Exactly as written, give again the line with "The side table works" and all subsequent lines through the end of the records.
MATERIAL FOR THE TASK START
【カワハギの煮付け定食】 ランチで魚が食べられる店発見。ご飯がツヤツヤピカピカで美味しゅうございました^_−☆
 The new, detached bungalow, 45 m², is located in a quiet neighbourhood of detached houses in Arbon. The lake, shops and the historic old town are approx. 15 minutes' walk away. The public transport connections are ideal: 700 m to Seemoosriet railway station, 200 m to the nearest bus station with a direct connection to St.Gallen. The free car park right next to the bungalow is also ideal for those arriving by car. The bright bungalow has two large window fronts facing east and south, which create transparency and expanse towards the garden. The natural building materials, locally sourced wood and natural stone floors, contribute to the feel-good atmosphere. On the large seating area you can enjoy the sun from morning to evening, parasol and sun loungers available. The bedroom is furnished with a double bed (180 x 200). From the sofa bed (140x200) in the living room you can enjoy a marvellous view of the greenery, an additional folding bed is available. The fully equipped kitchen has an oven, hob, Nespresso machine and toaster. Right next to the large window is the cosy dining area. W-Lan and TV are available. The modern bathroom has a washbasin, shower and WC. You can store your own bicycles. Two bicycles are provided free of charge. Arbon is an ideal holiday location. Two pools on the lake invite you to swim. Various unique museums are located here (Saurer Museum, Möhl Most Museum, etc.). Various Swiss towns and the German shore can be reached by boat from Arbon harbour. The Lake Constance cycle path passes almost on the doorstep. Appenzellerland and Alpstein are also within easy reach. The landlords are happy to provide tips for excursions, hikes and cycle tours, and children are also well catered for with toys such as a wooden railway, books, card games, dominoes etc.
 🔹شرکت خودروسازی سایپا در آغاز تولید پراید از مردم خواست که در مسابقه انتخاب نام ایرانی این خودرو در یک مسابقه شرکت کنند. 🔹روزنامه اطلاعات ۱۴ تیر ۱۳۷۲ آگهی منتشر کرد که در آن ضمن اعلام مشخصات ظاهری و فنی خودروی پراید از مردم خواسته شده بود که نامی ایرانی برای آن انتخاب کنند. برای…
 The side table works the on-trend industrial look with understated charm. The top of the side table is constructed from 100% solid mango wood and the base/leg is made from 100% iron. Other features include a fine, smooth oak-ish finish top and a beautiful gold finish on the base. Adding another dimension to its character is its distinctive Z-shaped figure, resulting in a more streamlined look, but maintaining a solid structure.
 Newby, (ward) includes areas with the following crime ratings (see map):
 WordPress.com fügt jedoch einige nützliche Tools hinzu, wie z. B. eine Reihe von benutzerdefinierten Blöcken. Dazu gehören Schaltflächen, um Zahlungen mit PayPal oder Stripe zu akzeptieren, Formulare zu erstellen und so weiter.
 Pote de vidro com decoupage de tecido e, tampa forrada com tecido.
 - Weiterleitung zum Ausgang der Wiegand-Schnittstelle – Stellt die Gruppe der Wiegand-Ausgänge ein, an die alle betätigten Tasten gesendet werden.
MATERIAL FOR THE TASK END
* RESPONSE TO THIS TASK *
 The side table works the on-trend industrial look with understated charm. The top of the side table is constructed from 100% solid mango wood and the base/leg is made from 100% iron. Other features include a fine, smooth oak-ish finish top and a beautiful gold finish on the base. Adding another dimension to its character is its distinctive Z-shaped figure, resulting in a more streamlined look, but maintaining a solid structure.
 Newby, (ward) includes areas with the following crime ratings (see map):
 WordPress.com fügt jedoch einige nützliche Tools hinzu, wie z. B. eine Reihe von benutzerdefinierten Blöcken. Dazu gehören Schaltflächen, um Zahlungen mit PayPal oder Stripe zu akzeptieren, Formulare zu erstellen und so weiter.
 Pote de vidro com decoupage de tecido e, tampa forrada com tecido.
 - Weiterleitung zum Ausgang der Wiegand-Schnittstelle – Stellt die Gruppe der Wiegand-Ausgänge ein, an die alle betätigten Tasten gesendet werden.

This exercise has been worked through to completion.